Available records:
================

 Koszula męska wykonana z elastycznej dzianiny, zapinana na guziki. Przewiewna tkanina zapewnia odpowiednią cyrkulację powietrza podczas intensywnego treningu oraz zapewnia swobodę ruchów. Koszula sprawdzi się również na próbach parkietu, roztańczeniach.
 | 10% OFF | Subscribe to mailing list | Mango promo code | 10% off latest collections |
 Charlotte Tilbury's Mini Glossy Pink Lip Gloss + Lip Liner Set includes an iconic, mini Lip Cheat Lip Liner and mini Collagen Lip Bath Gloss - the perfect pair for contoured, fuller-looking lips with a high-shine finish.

================

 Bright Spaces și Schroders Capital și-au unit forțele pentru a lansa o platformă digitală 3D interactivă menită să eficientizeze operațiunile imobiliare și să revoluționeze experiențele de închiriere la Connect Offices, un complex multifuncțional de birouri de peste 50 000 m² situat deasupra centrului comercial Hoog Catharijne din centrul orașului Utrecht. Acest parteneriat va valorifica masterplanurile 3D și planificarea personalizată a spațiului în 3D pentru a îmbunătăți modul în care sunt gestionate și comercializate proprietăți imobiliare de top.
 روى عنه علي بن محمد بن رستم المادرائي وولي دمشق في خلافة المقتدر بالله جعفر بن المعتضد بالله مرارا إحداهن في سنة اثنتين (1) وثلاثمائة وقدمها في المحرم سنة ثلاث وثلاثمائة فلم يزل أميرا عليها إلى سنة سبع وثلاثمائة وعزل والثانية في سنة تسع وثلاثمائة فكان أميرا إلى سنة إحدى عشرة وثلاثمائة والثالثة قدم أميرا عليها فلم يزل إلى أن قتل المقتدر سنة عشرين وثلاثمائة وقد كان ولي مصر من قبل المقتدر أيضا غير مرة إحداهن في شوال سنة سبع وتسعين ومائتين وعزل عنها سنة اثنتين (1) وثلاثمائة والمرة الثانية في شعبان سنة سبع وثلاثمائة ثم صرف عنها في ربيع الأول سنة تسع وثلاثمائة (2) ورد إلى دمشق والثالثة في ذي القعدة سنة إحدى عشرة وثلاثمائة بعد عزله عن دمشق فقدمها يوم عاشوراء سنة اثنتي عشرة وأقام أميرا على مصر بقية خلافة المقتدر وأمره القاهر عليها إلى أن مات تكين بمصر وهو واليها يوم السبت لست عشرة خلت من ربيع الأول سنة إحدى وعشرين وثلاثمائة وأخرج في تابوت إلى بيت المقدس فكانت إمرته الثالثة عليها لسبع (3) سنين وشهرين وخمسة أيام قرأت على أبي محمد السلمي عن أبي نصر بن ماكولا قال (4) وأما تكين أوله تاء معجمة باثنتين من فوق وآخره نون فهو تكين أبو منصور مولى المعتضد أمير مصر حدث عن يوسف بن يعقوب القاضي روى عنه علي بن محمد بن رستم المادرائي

================

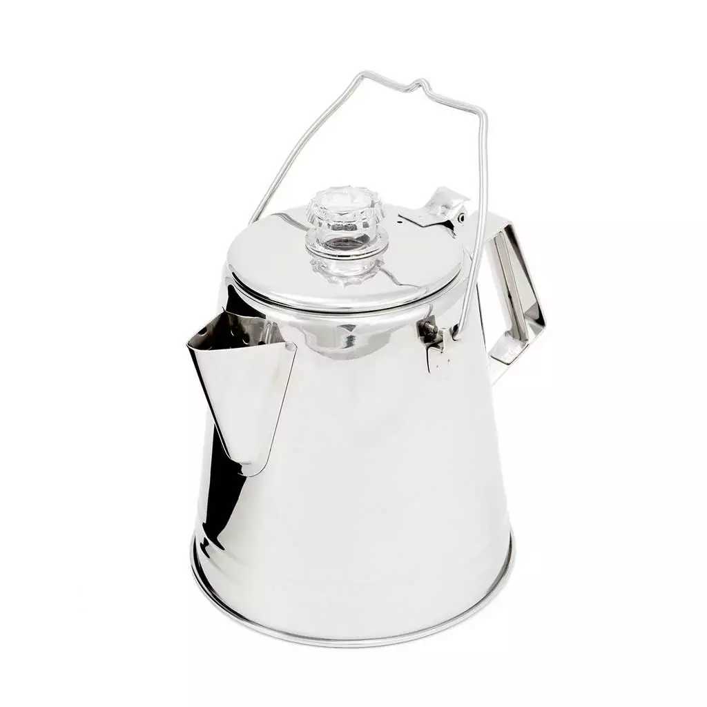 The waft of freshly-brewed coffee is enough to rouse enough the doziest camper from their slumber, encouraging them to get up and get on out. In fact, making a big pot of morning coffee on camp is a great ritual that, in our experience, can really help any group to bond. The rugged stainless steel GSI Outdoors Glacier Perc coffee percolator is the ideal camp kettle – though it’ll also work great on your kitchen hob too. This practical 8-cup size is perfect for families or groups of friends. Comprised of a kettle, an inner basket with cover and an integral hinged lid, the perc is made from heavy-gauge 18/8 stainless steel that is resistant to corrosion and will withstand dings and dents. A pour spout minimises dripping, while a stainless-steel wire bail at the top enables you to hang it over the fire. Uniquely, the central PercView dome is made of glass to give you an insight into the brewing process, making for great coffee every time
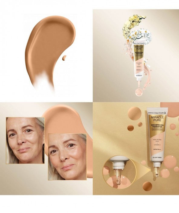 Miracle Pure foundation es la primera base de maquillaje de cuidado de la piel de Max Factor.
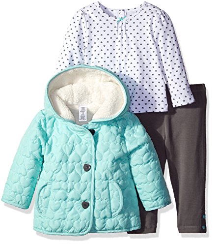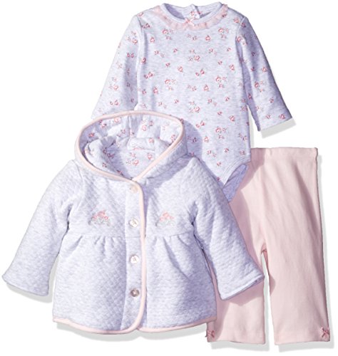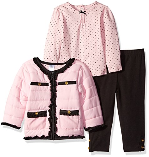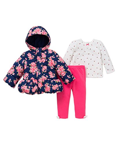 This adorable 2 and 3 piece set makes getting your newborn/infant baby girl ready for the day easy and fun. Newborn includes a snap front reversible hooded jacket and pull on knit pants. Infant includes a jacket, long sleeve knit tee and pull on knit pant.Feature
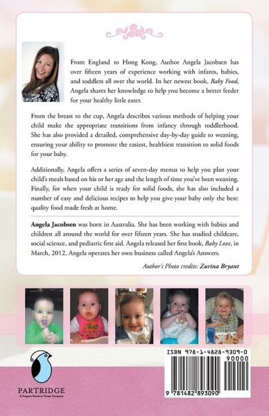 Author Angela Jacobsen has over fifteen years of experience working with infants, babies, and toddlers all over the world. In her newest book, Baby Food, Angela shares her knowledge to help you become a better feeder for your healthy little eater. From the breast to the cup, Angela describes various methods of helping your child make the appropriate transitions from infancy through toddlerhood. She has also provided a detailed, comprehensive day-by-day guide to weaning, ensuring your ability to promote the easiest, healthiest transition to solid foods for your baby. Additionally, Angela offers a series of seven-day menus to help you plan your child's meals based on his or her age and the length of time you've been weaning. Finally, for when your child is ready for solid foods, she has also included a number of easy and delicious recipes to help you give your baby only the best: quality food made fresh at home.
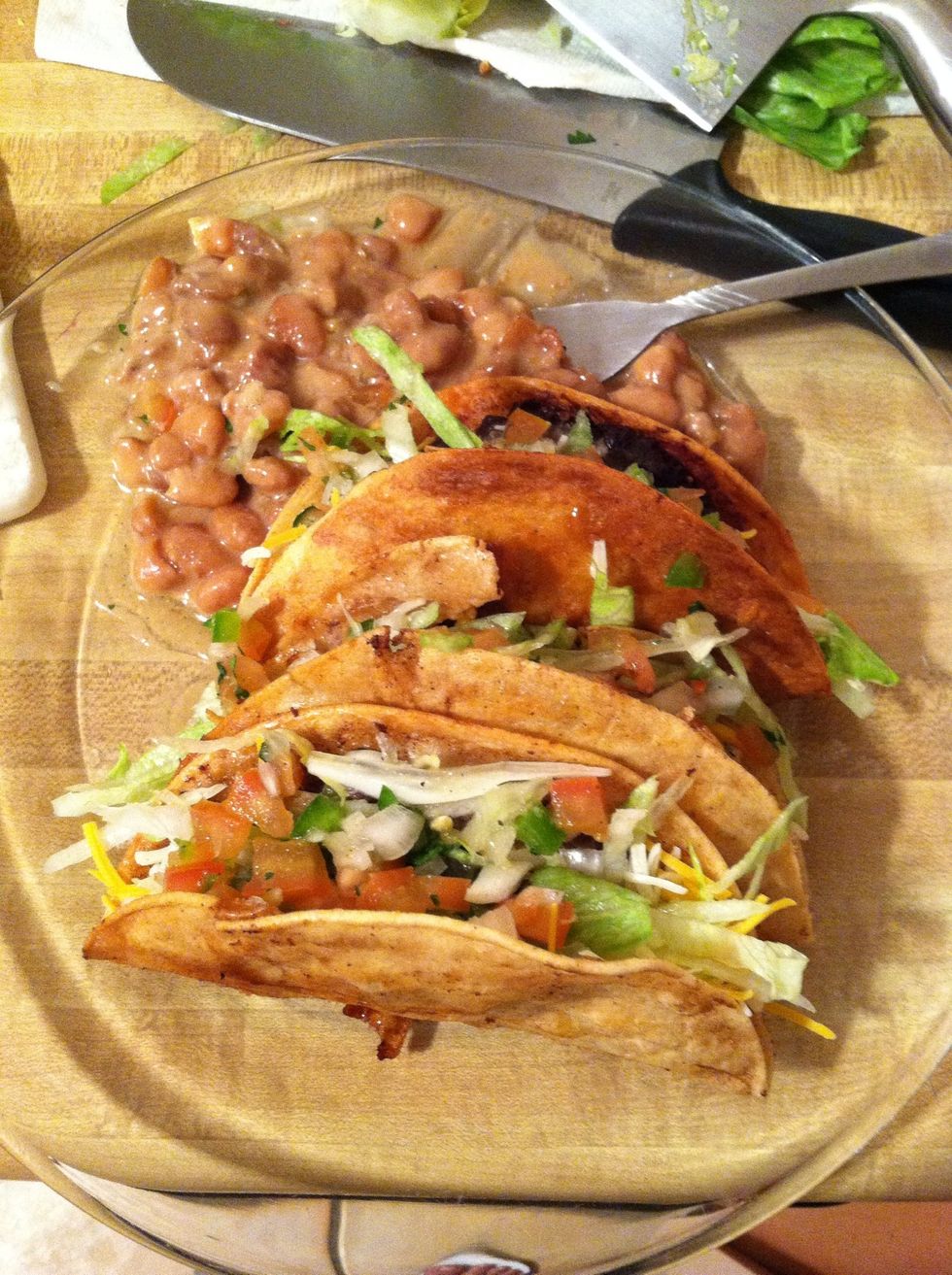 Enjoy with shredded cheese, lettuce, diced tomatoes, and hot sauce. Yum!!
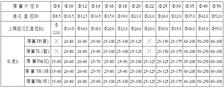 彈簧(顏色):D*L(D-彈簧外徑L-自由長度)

================

Assigned task:
From the records above, copy out the line with "Koszula męska wykonana", the line with "Charlotte Tilbury's Mini", and every line between them, word for word.

Task response:
 Koszula męska wykonana z elastycznej dzianiny, zapinana na guziki. Przewiewna tkanina zapewnia odpowiednią cyrkulację powietrza podczas intensywnego treningu oraz zapewnia swobodę ruchów. Koszula sprawdzi się również na próbach parkietu, roztańczeniach.
 | 10% OFF | Subscribe to mailing list | Mango promo code | 10% off latest collections |
 Charlotte Tilbury's Mini Glossy Pink Lip Gloss + Lip Liner Set includes an iconic, mini Lip Cheat Lip Liner and mini Collagen Lip Bath Gloss - the perfect pair for contoured, fuller-looking lips with a high-shine finish.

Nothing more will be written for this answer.